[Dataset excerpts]
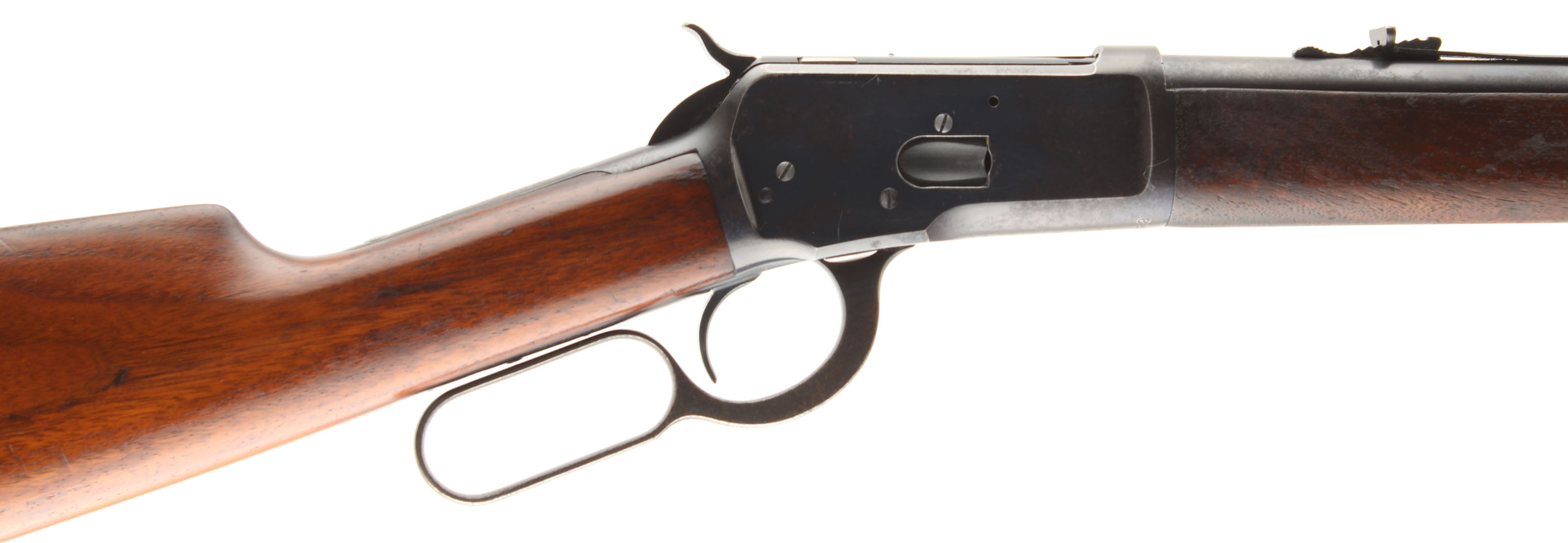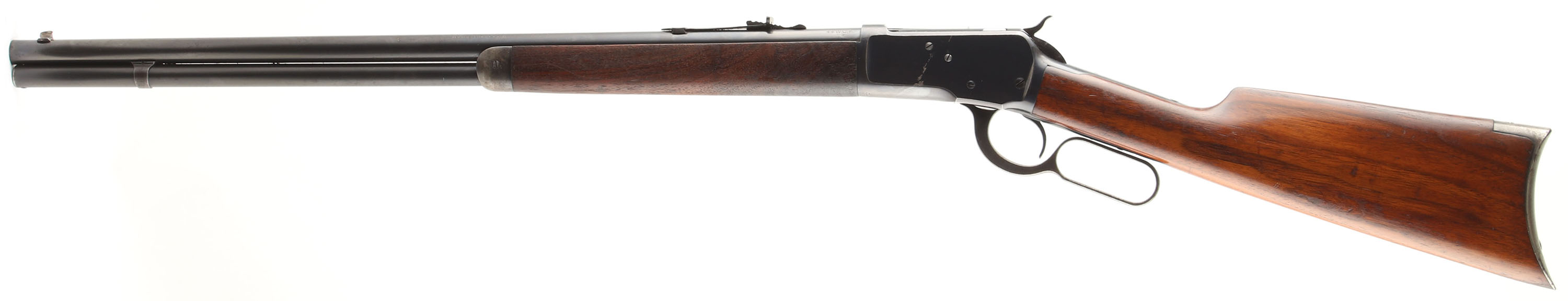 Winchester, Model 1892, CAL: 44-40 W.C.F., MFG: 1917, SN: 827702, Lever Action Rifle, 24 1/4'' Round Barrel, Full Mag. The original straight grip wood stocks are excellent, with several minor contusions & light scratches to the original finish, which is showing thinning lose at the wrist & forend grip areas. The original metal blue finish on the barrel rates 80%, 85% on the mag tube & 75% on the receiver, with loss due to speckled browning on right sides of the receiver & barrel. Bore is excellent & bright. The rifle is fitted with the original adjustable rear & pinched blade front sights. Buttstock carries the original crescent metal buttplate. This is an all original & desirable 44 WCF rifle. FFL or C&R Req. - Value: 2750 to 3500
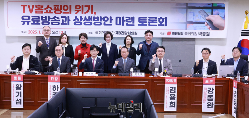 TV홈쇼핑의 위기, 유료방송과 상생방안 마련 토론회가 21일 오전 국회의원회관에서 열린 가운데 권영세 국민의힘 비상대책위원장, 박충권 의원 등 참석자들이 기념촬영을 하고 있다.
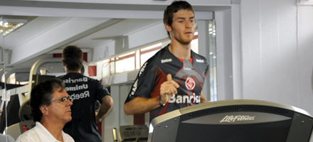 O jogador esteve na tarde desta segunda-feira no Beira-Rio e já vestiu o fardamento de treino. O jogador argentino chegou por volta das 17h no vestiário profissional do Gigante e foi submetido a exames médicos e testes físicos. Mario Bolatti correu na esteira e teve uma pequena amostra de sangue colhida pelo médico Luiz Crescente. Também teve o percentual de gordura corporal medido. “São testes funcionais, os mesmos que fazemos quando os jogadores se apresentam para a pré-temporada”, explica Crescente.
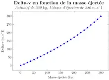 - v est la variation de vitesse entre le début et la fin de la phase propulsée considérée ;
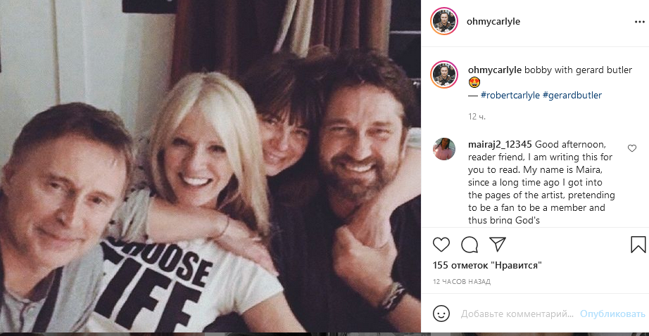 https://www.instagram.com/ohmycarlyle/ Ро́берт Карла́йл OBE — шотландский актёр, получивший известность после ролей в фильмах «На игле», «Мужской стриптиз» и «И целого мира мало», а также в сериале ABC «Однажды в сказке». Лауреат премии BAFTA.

→ **PROBLEM TO WORK ON**
Transcribe all records verbatim, no pictures.

→ **ANSWER SECTION**
 Winchester, Model 1892, CAL: 44-40 W.C.F., MFG: 1917, SN: 827702, Lever Action Rifle, 24 1/4'' Round Barrel, Full Mag. The original straight grip wood stocks are excellent, with several minor contusions & light scratches to the original finish, which is showing thinning lose at the wrist & forend grip areas. The original metal blue finish on the barrel rates 80%, 85% on the mag tube & 75% on the receiver, with loss due to speckled browning on right sides of the receiver & barrel. Bore is excellent & bright. The rifle is fitted with the original adjustable rear & pinched blade front sights. Buttstock carries the original crescent metal buttplate. This is an all original & desirable 44 WCF rifle. FFL or C&R Req. - Value: 2750 to 3500
 TV홈쇼핑의 위기, 유료방송과 상생방안 마련 토론회가 21일 오전 국회의원회관에서 열린 가운데 권영세 국민의힘 비상대책위원장, 박충권 의원 등 참석자들이 기념촬영을 하고 있다.
 O jogador esteve na tarde desta segunda-feira no Beira-Rio e já vestiu o fardamento de treino. O jogador argentino chegou por volta das 17h no vestiário profissional do Gigante e foi submetido a exames médicos e testes físicos. Mario Bolatti correu na esteira e teve uma pequena amostra de sangue colhida pelo médico Luiz Crescente. Também teve o percentual de gordura corporal medido. “São testes funcionais, os mesmos que fazemos quando os jogadores se apresentam para a pré-temporada”, explica Crescente.
 - v est la variation de vitesse entre le début et la fin de la phase propulsée considérée ;
 https://www.instagram.com/ohmycarlyle/ Ро́берт Карла́йл OBE — шотландский актёр, получивший известность после ролей в фильмах «На игле», «Мужской стриптиз» и «И целого мира мало», а также в сериале ABC «Однажды в сказке». Лауреат премии BAFTA.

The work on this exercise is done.